• Exercise:
Pictures aside, return every line below exactly as written.

• Data below:
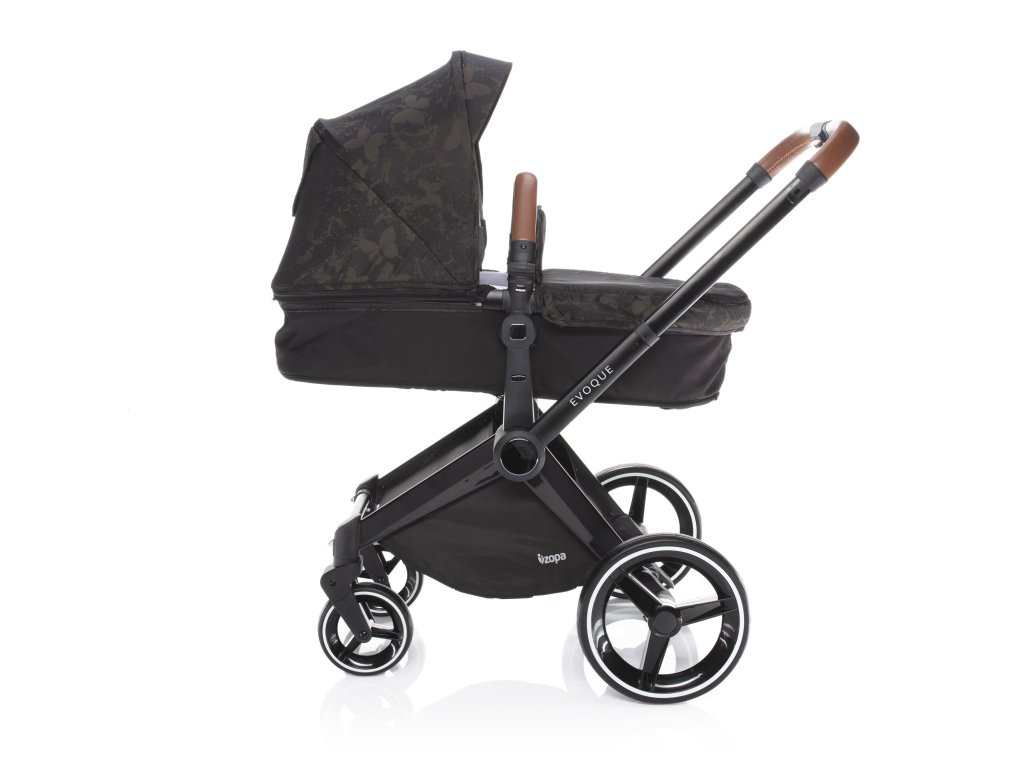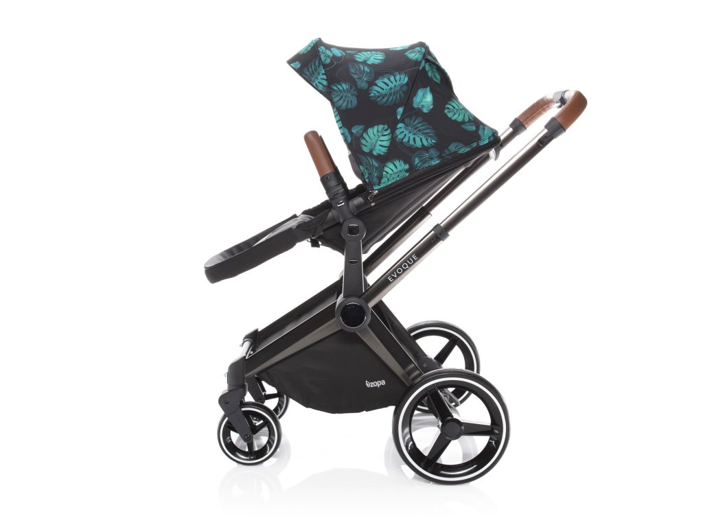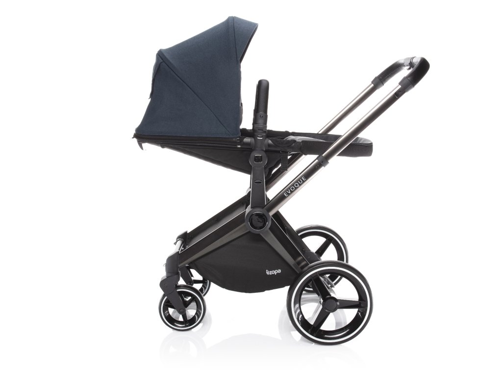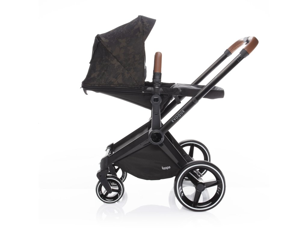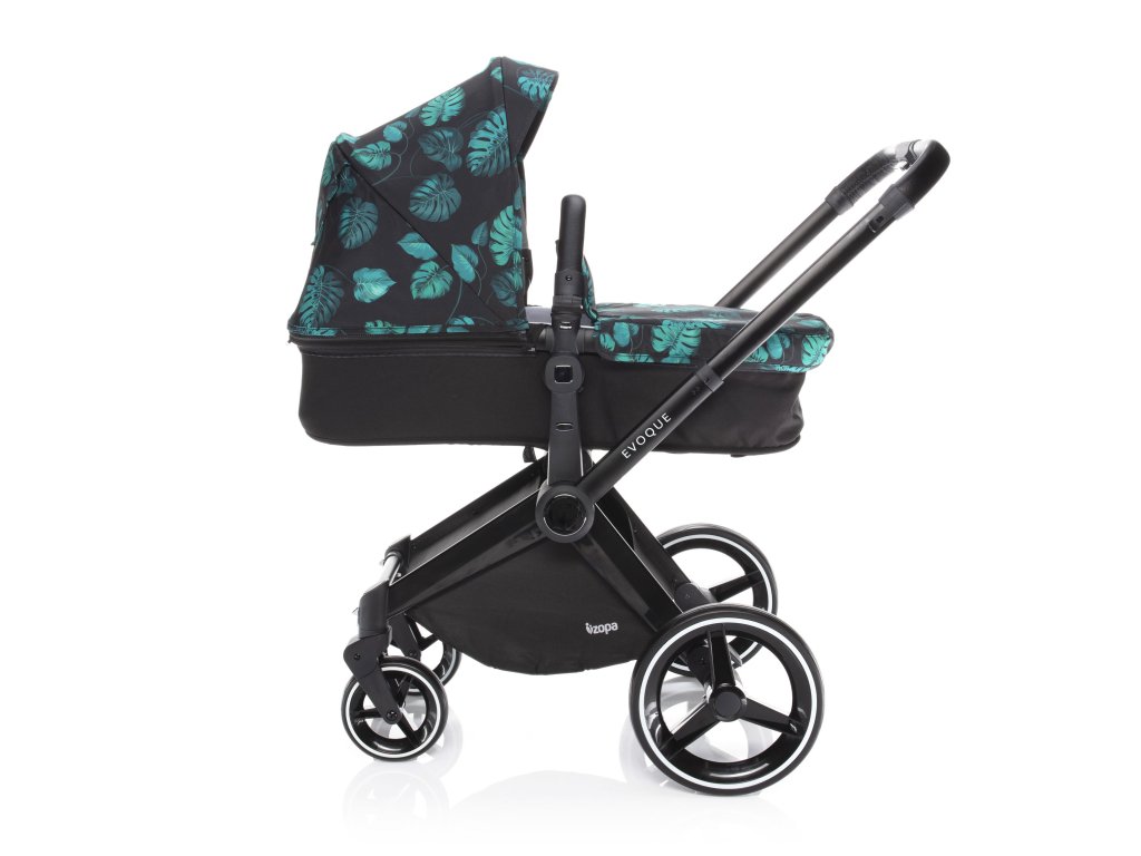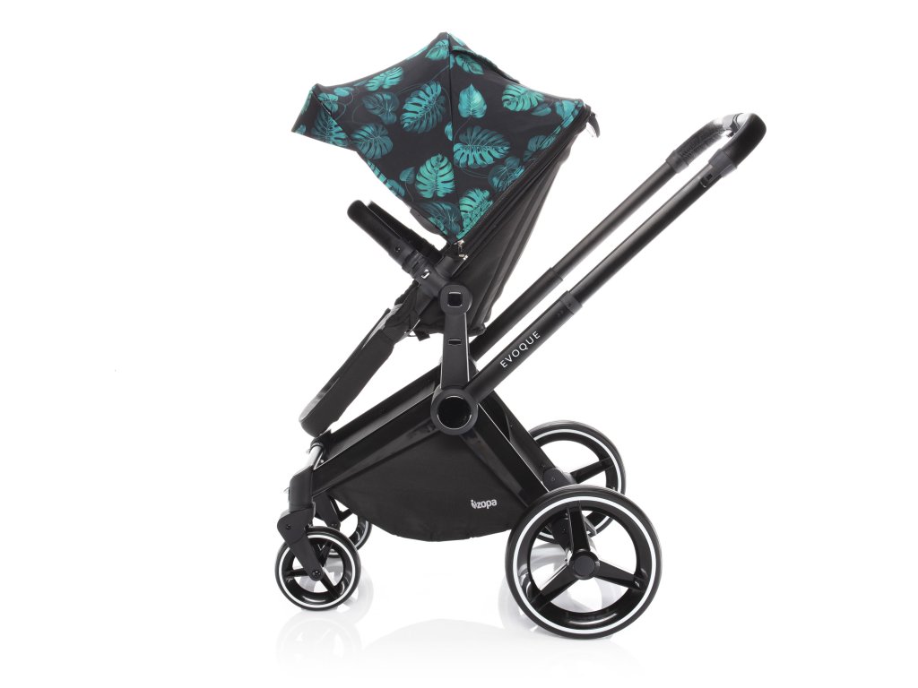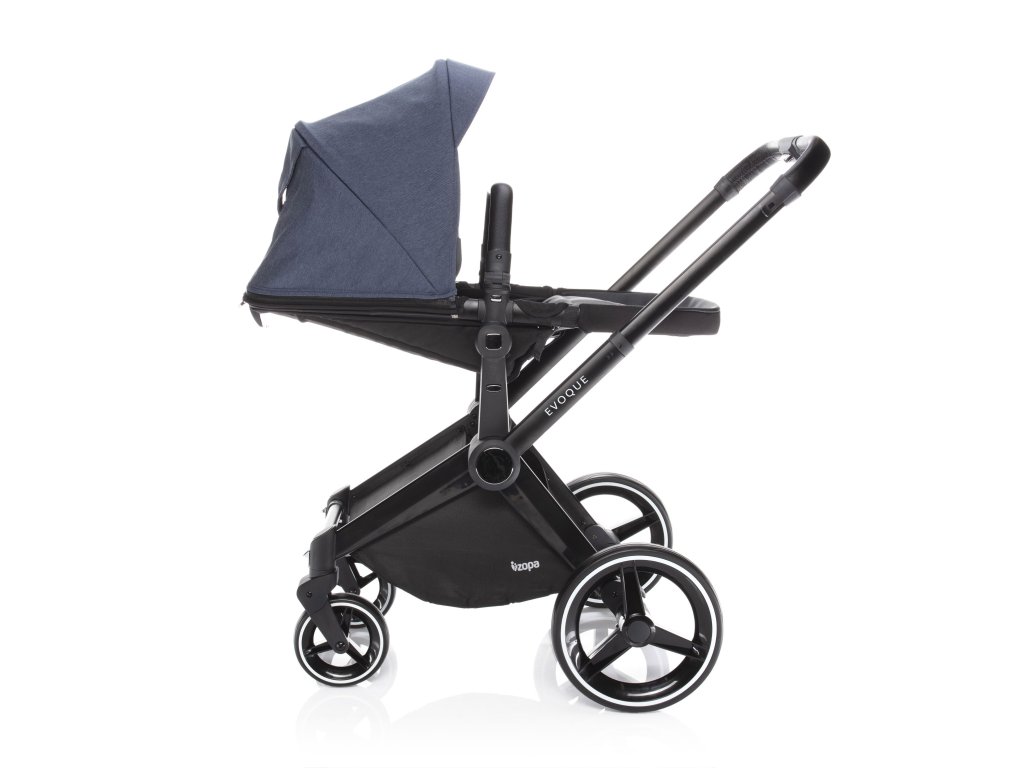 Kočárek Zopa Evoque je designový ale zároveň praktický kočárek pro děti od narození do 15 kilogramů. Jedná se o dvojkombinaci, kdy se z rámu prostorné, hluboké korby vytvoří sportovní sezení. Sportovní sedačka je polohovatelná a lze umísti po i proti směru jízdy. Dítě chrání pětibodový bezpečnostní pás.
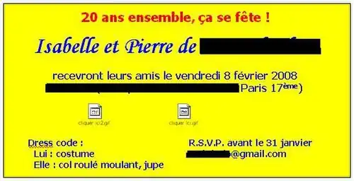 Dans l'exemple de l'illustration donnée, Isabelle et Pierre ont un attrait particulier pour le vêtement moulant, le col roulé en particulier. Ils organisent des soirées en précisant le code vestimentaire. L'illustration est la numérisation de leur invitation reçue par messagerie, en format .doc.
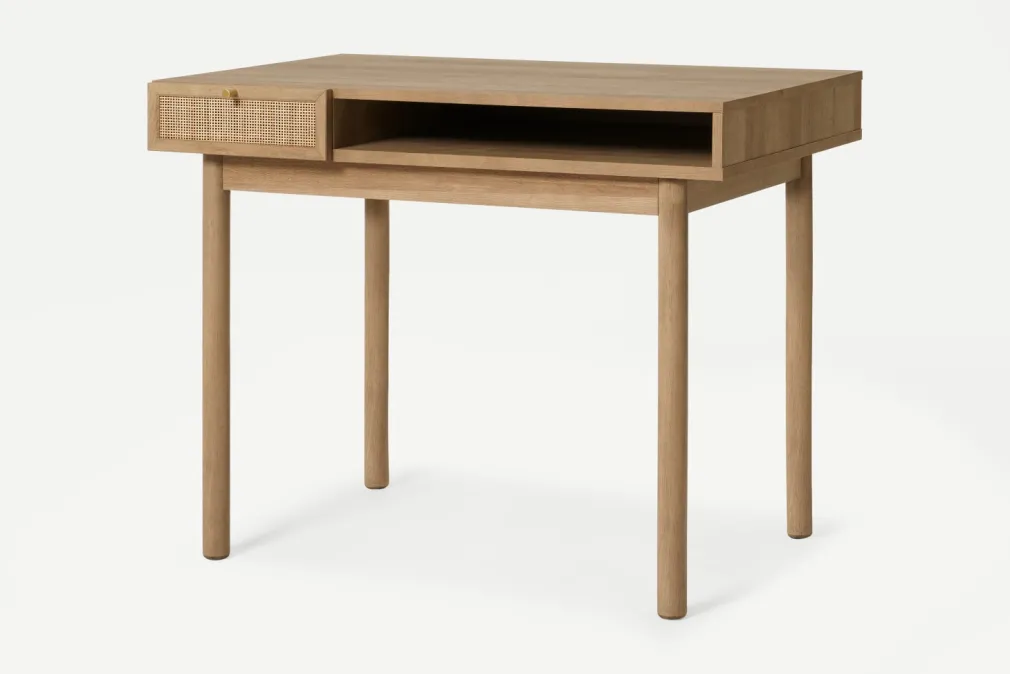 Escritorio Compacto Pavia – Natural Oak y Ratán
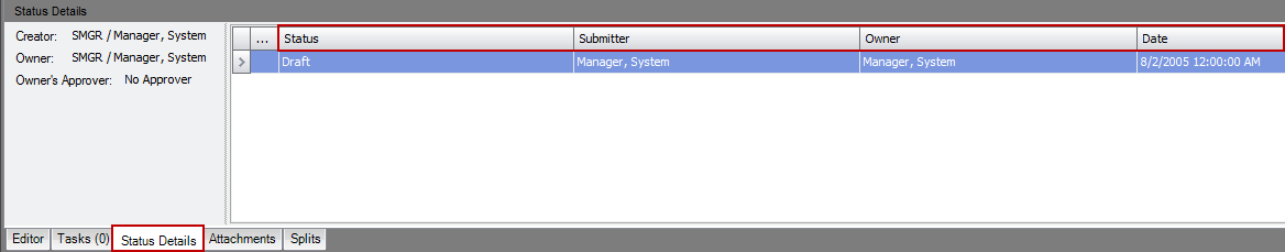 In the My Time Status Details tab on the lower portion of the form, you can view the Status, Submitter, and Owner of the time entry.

• Answer box:
 Kočárek Zopa Evoque je designový ale zároveň praktický kočárek pro děti od narození do 15 kilogramů. Jedná se o dvojkombinaci, kdy se z rámu prostorné, hluboké korby vytvoří sportovní sezení. Sportovní sedačka je polohovatelná a lze umísti po i proti směru jízdy. Dítě chrání pětibodový bezpečnostní pás.
 Dans l'exemple de l'illustration donnée, Isabelle et Pierre ont un attrait particulier pour le vêtement moulant, le col roulé en particulier. Ils organisent des soirées en précisant le code vestimentaire. L'illustration est la numérisation de leur invitation reçue par messagerie, en format .doc.
 Escritorio Compacto Pavia – Natural Oak y Ratán
 In the My Time Status Details tab on the lower portion of the form, you can view the Status, Submitter, and Owner of the time entry.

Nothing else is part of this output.